British-Indian author Salman Rushdie, meanwhile, has written an open letter with PEN president Peter Godwin to Chinese president Hu Jintao and foreign minister Yang Jiechi. The letter protests the ongoing travel restrictions on the artist Ai Weiwei, whose passport has been confiscated and whose appeal against charges of tax evasion was rejected on Thursday.

Excellencies:

We write on behalf of the 3,000 members of PEN American Center, and on behalf of thousands more admirers of contemporary international literature and art, to protest the travel bar against artist Ai Weiwei, who was due to participate in a PEN event in New York on October 11. We understand that his passport, confiscated during his 81-day detention in April 2011, has still not been returned to him, although more than a year has passed since his release and his probation expired in June 2012.

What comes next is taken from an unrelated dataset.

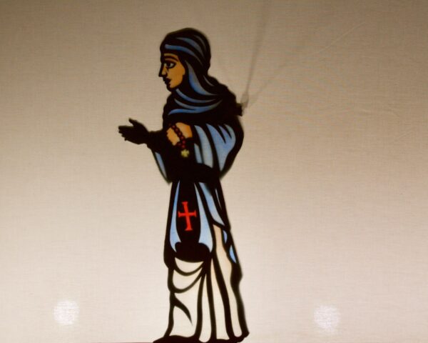 Αντλώντας έμπνευση από τον δραματικό βίο της περίφημης κυρά δασκάλας, μουσικοί και παίκτες σκιών εμψυχώνουν σκαλιστές χειροποίητες φιγούρες και ζωντανεύουν την περιπετειώδη ζωή της ασυμβίβαστης αρχοντοπούλας που φόρεσε τα ράσα. Στην παράσταση, η οποία πλαισιώνεται με μουσική υποβλητική και τραγούδι από τους Γεράσιμο Παπαδόπουλο, Θεολόγο Παπανικολάου και Κατερίνα Μιχαλάκη, έχουμε την ευκαιρία της επανασύνδεσης με την άγνωστη ιστορία της ΑΘήνας. Μέσα από το θαυμαστό συναξάρι της αγίας Φιλοθέης συνυφαίνεται παράξενα η ιστορία του λαϊκού θεάτρου σε ένα μαγικό και μυστηριακό ταξίδι προς το φως των σκιών, όπου καλούμαστε να αναζητήσουμε τη σημασία της ελευθερίας και της αξιοπρέπειας στη σημερινή ζωή.

[…] Like our colleagues throughout the world’s art and literary communities, we were shocked when Ai Weiwei was detained in 2011, and we are deeply disappointed to learn that he remains unable to travel freely and participate in international fora and conversations in which he has so clearly earned a place. We believe restricting his right to travel abroad risks violating Chinese and international laws, and that it does little to advance the goals and aspirations of the Chinese government and its people. We therefore entreat you to return Ai Weiwei’s passport immediately and lift all restrictions against him, allowing him to travel to represent his own work and his ideas. We very much look forward to welcoming him back to New York.

Ai was the subject of a New York Times op-ed by Rushdie soon after his disappearance in April 2011.